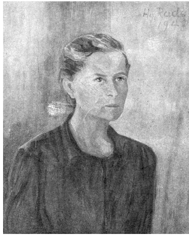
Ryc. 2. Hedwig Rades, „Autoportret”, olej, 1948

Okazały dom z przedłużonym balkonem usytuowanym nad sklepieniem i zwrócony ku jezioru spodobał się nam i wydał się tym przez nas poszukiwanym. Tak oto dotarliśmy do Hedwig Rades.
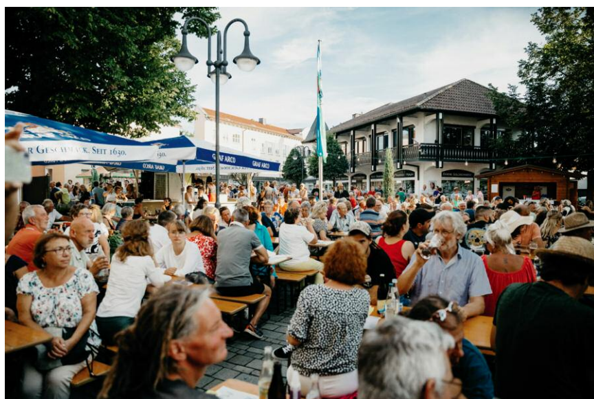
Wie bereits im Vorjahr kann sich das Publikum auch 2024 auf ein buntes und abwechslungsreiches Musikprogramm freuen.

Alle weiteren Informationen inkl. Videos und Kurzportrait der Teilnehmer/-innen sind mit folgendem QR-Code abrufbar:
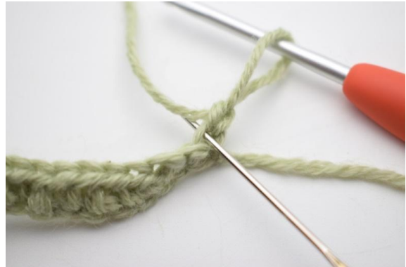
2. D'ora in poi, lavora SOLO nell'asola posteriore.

────────

Scan the entries for the word "Hedwig". Report each line that has it.

> [Solution]:
Ryc. 2. Hedwig Rades, „Autoportret”, olej, 1948
Okazały dom z przedłużonym balkonem usytuowanym nad sklepieniem i zwrócony ku jezioru spodobał się nam i wydał się tym przez nas poszukiwanym. Tak oto dotarliśmy do Hedwig Rades.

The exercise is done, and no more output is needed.